APÓS DENÚNCIA DE PELANCA NO LUGAR DE CARNE, VEREADORES VOTAM CONTRA INVESTIGAÇÃO SOBRE CONTRATO DE MERENDA ESCOLAR EM EXTREMOZ/RN
Ao invés de carne, pelanca. Um vídeo que passou a circular há cerca de duas semanas, feito pela merendeira de uma escola municipal de Extremoz, na região metropolitana de Natal, viralizou na cidade ao mostrar o que seria pele e gordura animal no lugar da carne distribuída para a merenda dos alunos.
"Eles enrolam, botam num saco, você pensa que é carne, mas não é. É só uma 'péia' grossa. É luta para cortar. E não é só um pedaço não. Todos os pedaços vieram assim", relata a mulher, no vídeo.
O caso chegou ao conhecimento da Câmara Municipal, mas a maior parte dos vereadores do município negou um pedido de abertura de uma investigação sobre os contratos de fornecimento de merenda escolar.
Após a repercussão negativa da votação na cidade, os parlamentares aprovaram nesta terça (8) um pedido de informações à prefeitura.
A Secretaria de Educação do município confirmou que abriu uma sindicância interna para apurar o fato.
Câmara nega investigação
As imagens levaram o vereador Kilter Araújo (MDB) a pedir na Câmara a abertura de uma investigação e auditoria nos contratos do município para fornecimento da alimentação, mas o pedido foi negado por sete votos a um, no Poder Legislativo municipal.
O pedido foi feito durante a sessão parlamentar da última terça-feira (1º), de forma verbal. Somente o autor da proposta votou de forma favorável à abertura de uma investigação parlamentar e auditoria nos contratos.
Após a repercussão negativa, os parlamentares que votaram contrários à investigação justificaram os votos afirmando que entendem que, por ter sido feita de maneira verbal, a proposição estava em desacordo com o regimento interno.

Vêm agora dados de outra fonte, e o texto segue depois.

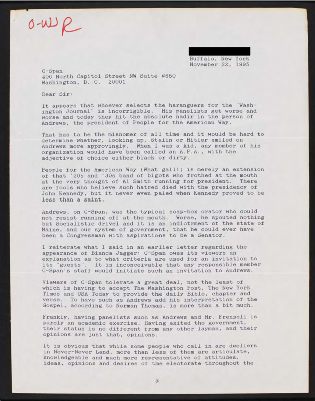Calls the People for the American Way bigoted, reiterates dislike of Bianca Jagger's appearance on C-SPAN, and discusses methods of viewer feedback.
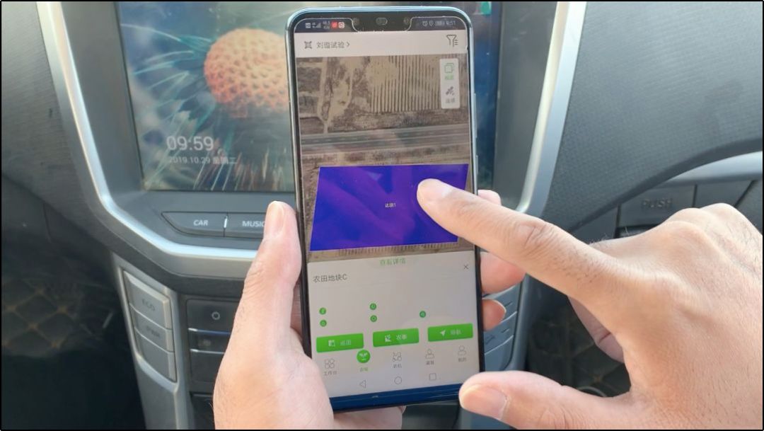 一改之前随意取点的方式,金地科技智农取土设备会提前通过遥感图像查看作物长势,以长势为分界选择取土位置.在选定位置后,取土车会按照取点位置导航过去.每个取土点都根据土钻标定,统一取土标准深度30-60cm,有效提高取土的精准度,为土壤监测的准确性提供有力支撑.

No entanto, os parlamentares aprovaram nesta terça-feira (8) um pedido de informações à prefeitura, apresentado pelo vereador Fábio Vicente (PP), com prazo de 20 dias para que o Poder Executivo apresente respostas com esclarecimentos sobre supostas inadequação de produtos de origem alimentício que não estariam no padrão exigido no contrato.
A proposição aprovada, no entanto, não teve incluídos os pedidos de investigação e auditoria dos contratos, novamente solicitada pelo vereador Kilter.